Using the records below, give again exactly the lines from the line that contains "Even cap sweater" through the line that contains "DŁUGA SUKIENKA W BIAŁO CZERWONE PASY", both ends included, and only those.

### Exercise material
###
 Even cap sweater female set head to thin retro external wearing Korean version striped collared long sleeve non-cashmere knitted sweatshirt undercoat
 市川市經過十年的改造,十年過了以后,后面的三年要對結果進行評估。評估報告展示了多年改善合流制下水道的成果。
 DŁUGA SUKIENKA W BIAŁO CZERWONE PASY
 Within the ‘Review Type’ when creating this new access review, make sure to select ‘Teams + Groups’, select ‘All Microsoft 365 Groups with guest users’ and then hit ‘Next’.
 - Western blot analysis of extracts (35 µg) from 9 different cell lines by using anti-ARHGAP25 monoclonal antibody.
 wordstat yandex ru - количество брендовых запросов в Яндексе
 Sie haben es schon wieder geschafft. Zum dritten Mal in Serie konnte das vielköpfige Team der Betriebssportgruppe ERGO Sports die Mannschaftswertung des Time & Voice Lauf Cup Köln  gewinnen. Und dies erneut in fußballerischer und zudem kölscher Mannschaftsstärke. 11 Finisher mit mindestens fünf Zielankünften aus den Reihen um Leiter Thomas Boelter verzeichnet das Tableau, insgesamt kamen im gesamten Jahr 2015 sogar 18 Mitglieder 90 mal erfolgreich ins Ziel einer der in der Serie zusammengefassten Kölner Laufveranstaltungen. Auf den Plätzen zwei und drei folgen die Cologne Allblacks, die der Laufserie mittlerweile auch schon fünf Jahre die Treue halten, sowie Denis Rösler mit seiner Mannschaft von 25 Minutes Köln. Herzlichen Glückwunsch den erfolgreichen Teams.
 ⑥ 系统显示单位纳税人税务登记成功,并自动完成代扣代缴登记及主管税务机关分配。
###
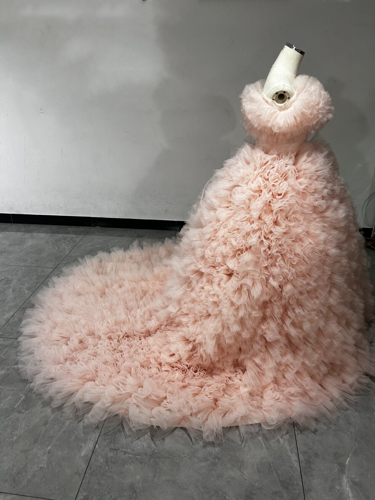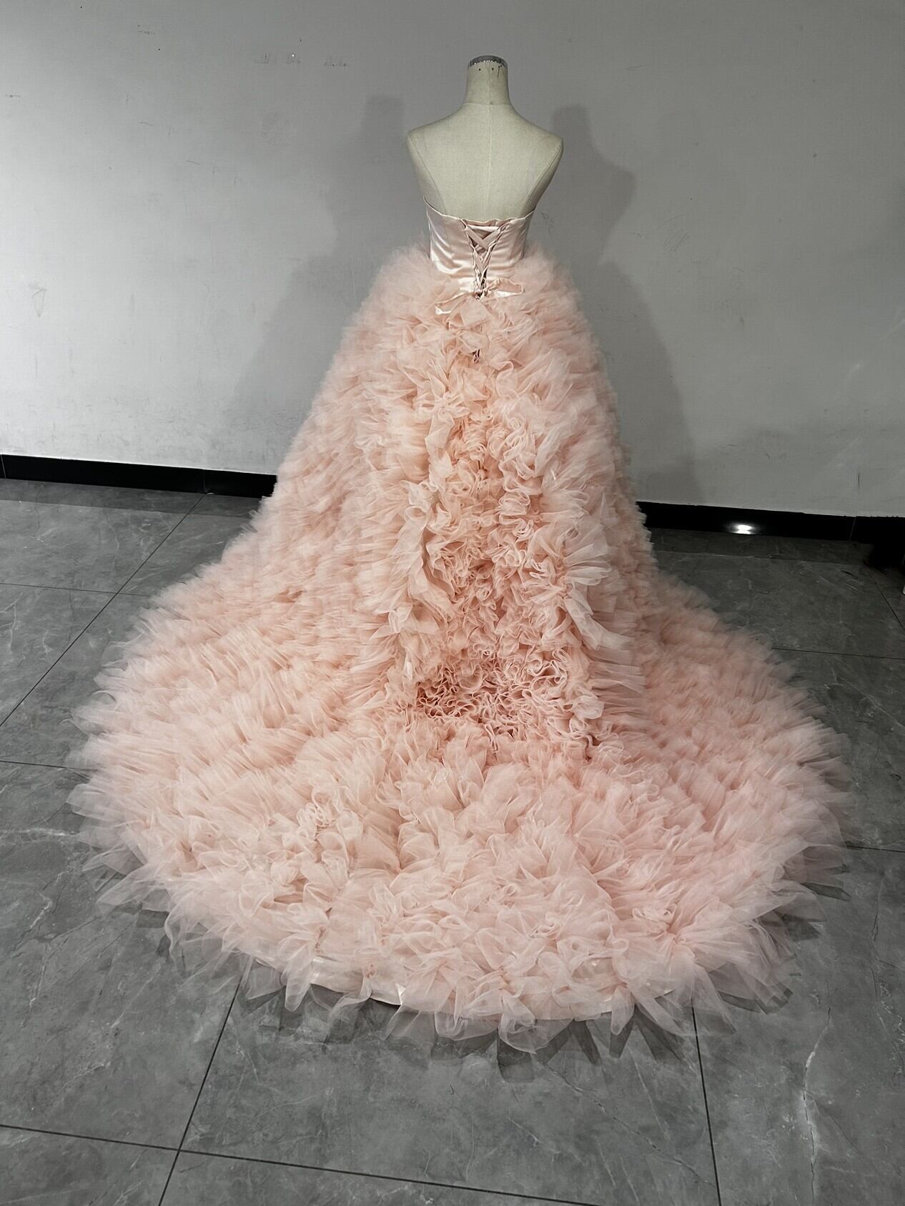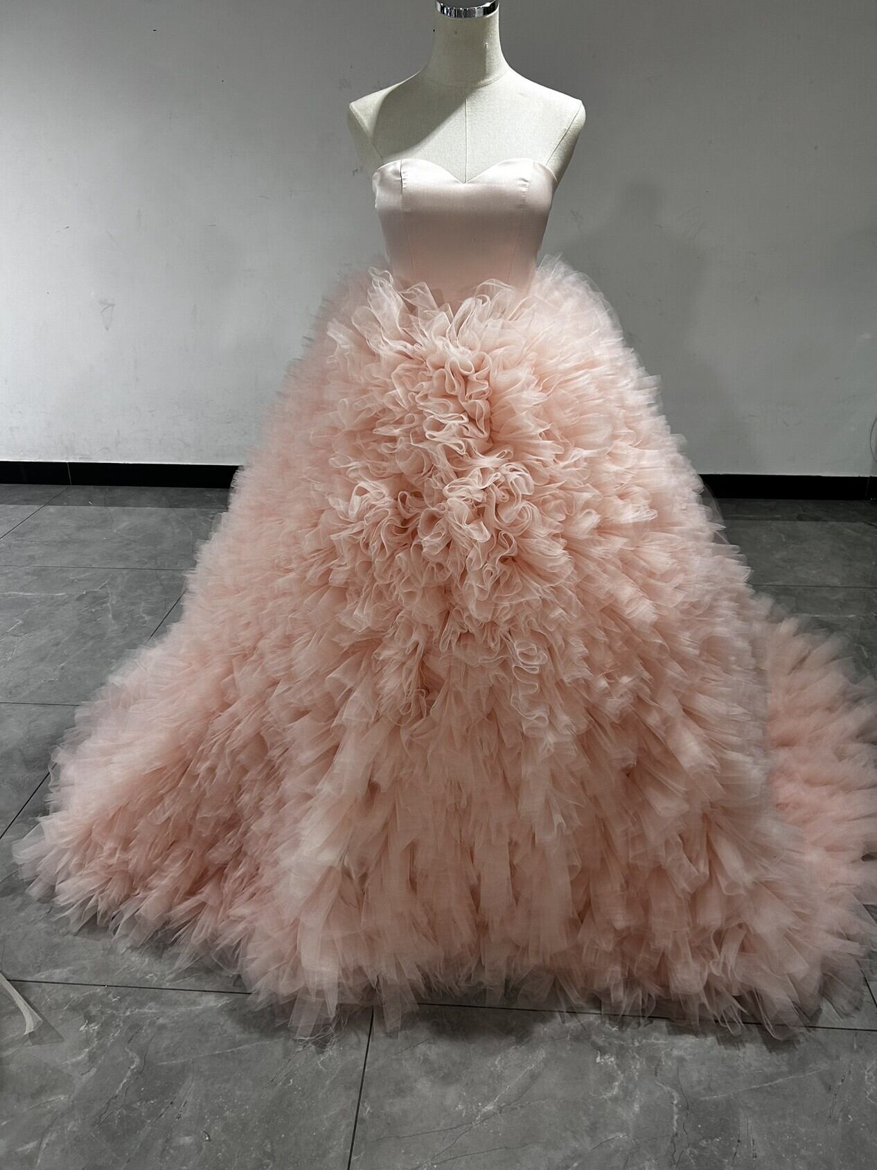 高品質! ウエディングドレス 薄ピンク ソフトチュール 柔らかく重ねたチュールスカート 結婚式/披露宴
###
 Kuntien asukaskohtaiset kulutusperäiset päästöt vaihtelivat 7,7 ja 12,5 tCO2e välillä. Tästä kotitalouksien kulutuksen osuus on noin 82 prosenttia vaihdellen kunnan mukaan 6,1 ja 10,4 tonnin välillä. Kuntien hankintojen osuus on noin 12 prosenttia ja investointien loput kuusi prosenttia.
###
### Solution to this task
 Even cap sweater female set head to thin retro external wearing Korean version striped collared long sleeve non-cashmere knitted sweatshirt undercoat
 市川市經過十年的改造,十年過了以后,后面的三年要對結果進行評估。評估報告展示了多年改善合流制下水道的成果。
 DŁUGA SUKIENKA W BIAŁO CZERWONE PASY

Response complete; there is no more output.